Fayum Mummy Portraits

http://commons.wikimedia.org/wiki/Image:Fayum-42.jpg

This is Eutyches, a young boy who died in Egypt during the Roman Empire. How do we know this? Because this portrait was stuffed inside his mummy.

This was actually a common practice in the Fayum region of ancient Egypt, and it’s given us some of the best-preserved paintings from ancient times.

Artists would paint the portraits on wooden panels, using hot, pigmented wax, and they’ve survived remarkably well in the region’s dry heat.

CAT scans show that the portraits match their mummies in age and sex, and they’re strikingly naturalistic, though reportedly a little formulaic.

Many, like Eutyches, were children, a sad mark of the era’s low life expectancy.

A Postman’s Nightmare

http://commons.wikimedia.org/wiki/Image:LocatieBaarle-Nassau.png

Good luck delivering a letter in Baarle-Nassau. The Dutch municipality contains 24 Belgian exclaves — “islands” of Belgium “floating” in the Netherlands.
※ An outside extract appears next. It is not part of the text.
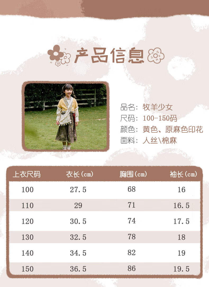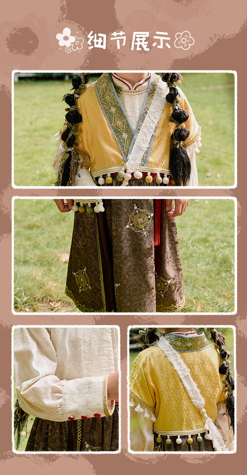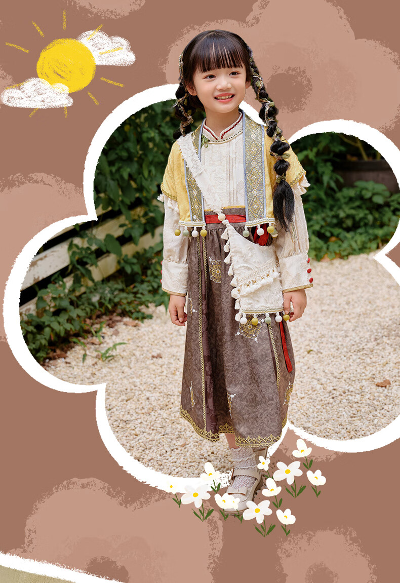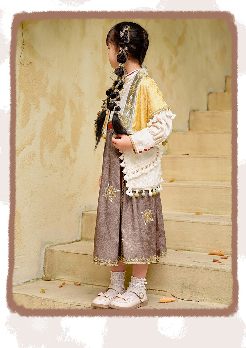 西子问【西子问】汉服女童秋款新中式国风两件套儿童西域风套装牧羊少女 黄色-套装/不含包包 110

Worse, those islands contain islands: The 24 Belgian exclaves contain seven Dutch exclaves. Bring a map.

Obscure Holidays

Obscure holidays:

  • Pi Day (March 14, or “3/14”)
  • Pi Approximation Day (22 July, or “22/7”)
  • No Pants Day (the first Friday in May)
  • National Talk In Elevators Day (the last Friday in July)
  • National Underwear Day (August 11)
  • International Orgy Day (September 3)
  • International Talk Like a Pirate Day (September 19)
  • Ask a Stupid Question Day (September 28)
  • October Fool’s Day (October 1) (the Southern Hemisphere’s version of April Fool’s Day)
  • Mole Day (6:02 on 10/23) (ask a chemist)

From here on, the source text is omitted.